ZONA DE CONFRONTO
Rio de Janeiro, 09 de Fevereiro de 2014
Há muito tempo eu não saía de algum trabalho de artes cênicas com essa sensação: “isso é importante, as pessoas têm que conhecer isso”. Os trabalhos do Núcleo do Dirceu de Teresina, me dão essa sensação. Mais recentemente, “Pindorama” de Lia Rodrigues e “Intimacy” dos australianos do Ranters Theatre também me deram essa sensação. E voltei a ter essa sensação nas duas vezes em que fui ao Centro Cultural Hélio Oiticica assistir Cosmocartas: isso é importante, as pessoas têm que conhecer isso. Porque trata do nosso lugar no mundo, nossa relação com o outro, nossa percepção de nós mesmos, questões fundamentais pra continuarmos existindo como indivíduos e como comunidade.

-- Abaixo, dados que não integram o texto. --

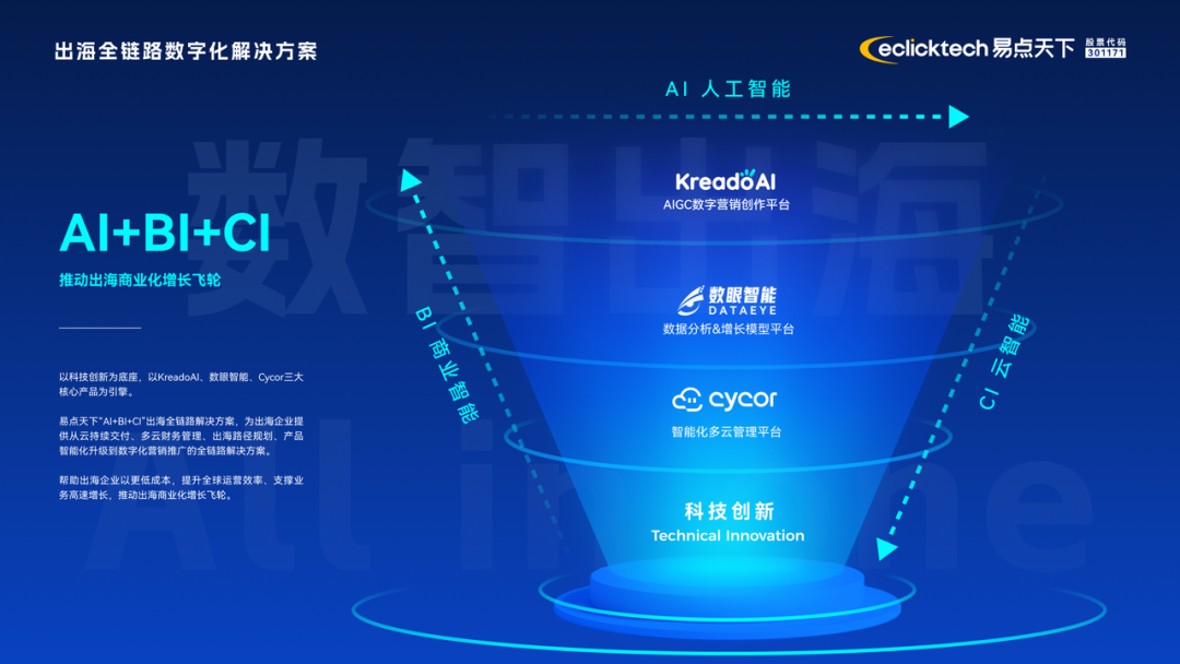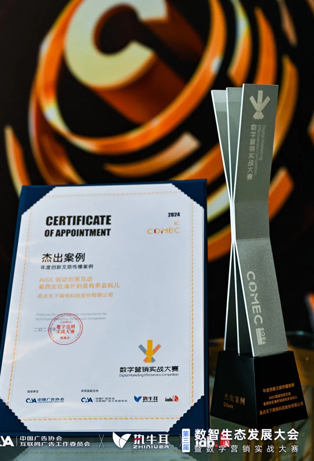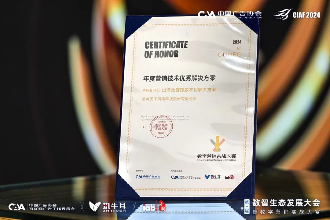 2024年5月,易点天下发布“AI+BI+CI出海全链路数字化解决方案”,一站式解决出海企业从营销素材制作、营销数据分析到营销预算管理再到云基础设施数字化与智能化的各项需求,助力其在全球市场高效实现增收增利。截至目前,该方案已服务包括阿里巴巴、上汽大众、中兴通讯、携程旅行等多家知名企业,也相继入选并获得服贸会成果发布、数贸会先锋奖银奖、非凡产研2024 CHINA AIGC100等多项荣誉。

E o espetáculo de Renato Linhares não se limita a discursar sobre estas questões, num recorta-e-cola de citações e autores (que é a minha maneira de escrever, não sei se já perceberam), mas as incorpora sinestesicamente na forma e no conteúdo do trabalho, transforma esta questões em outras questões, em afirmações, em movimentos, em ambientes, em experiências imersivas.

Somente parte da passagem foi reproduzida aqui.